Pakistan has been removed from the European Union’s list of countries with strategic deficiencies in their Anti Money Laundering/Countering the Financing of Terrorism (AML/CFT) regime. This is a significant achievement for Pakistan, which has been working tirelessly to address the deficiencies identified by the Financial Action Task Force (FATF).
The FATF is an intergovernmental organization that was established in 1989 to combat money laundering and terrorist financing. It sets standards and promotes effective implementation of legal, regulatory, and operational measures for combating these activities. The FATF identifies countries that are deficient in their AML/CFT regimes and places them on a “grey list” or a “black list” depending on the severity of their deficiencies.

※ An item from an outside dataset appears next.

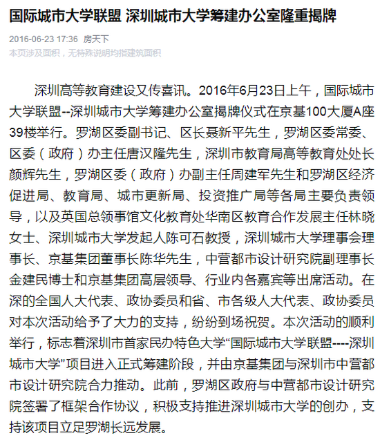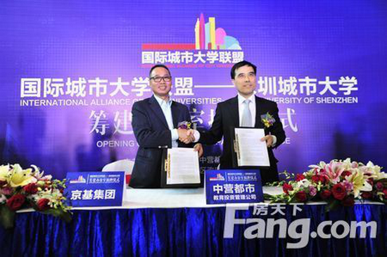 京基集团自1994年成立以来,经过二十多年的成长,现已发展成为集房地产开发与经营、商业开发与经营、酒店开发与经营、物业管理、餐饮经营与管理、金融资本运作、高尔夫、动画文化等八大领域的多元化、综合性集团。京基集团以深圳地标建筑“京基100”而闻名,所创造的“蔡屋围模式”成为深圳城市更新的典范之作,京基蔡屋围城市更新项目是其在罗湖区又一城市更新标杆性力作。该项目规划总建筑面积约430万平方米,包括超甲级写字楼、大型商业、高星级酒店、高端住宅、公寓、教育文化配套等多种业态,得到罗湖区委区政府的高度重视,目前正在有序推进中。国际城市大学联盟--深圳城市大学并不是蔡屋围城市更新项目首次“触电”教育产业,早在2013年5月,京基集团就与普林斯顿教育中心和美国曼哈顿音乐学院签约,约定将学院的国际校址落户在该项目上。

Pakistan was placed on the FATF’s grey list in 2018, which meant that it had deficiencies in its AML/CFT regime that needed to be addressed. Pakistan was given an action plan by the FATF, which it had to implement to address these deficiencies. The action plan included measures such as improving the supervision of financial institutions, enhancing the transparency of beneficial ownership information, and strengthening the legal framework for combating money laundering and terrorist financing.
The EU’s decision comes after the FATF decided in June 2021 to retain Pakistan on its “grey list” for failing to meet certain anti-money laundering and counterterrorism financing standards. However, since then, Pakistan has taken several measures to address the deficiencies identified by the FATF.
For instance, Pakistan has enacted new legislation to curb money laundering and terrorist financing, and it has established a new autonomous financial intelligence unit, the Pakistan Financial Monitoring Unit (PFMU), to enhance its ability to detect and prevent financial crimes. Furthermore, the government has been proactive in freezing assets of suspected terrorists and cracking down on illegal Hawala and Hundi operators.
The EU’s decision is a welcome development for Pakistan, which has been struggling to revive its economy amid the COVID-19 pandemic. The removal from the list will provide a boost to Pakistan’s image in the international community and enhance its attractiveness as an investment destination.
The removal of Pakistan from the EU’s list of countries with strategic deficiencies in the AML/CFT regime is a positive development that will benefit Pakistan’s economy. It is a testament to the government’s efforts to enhance the financial system’s transparency and effectiveness, and it will facilitate trade and investment between Pakistan and the EU. Pakistan must continue to work towards strengthening its AML/CFT accordingly to the requirements of the organization.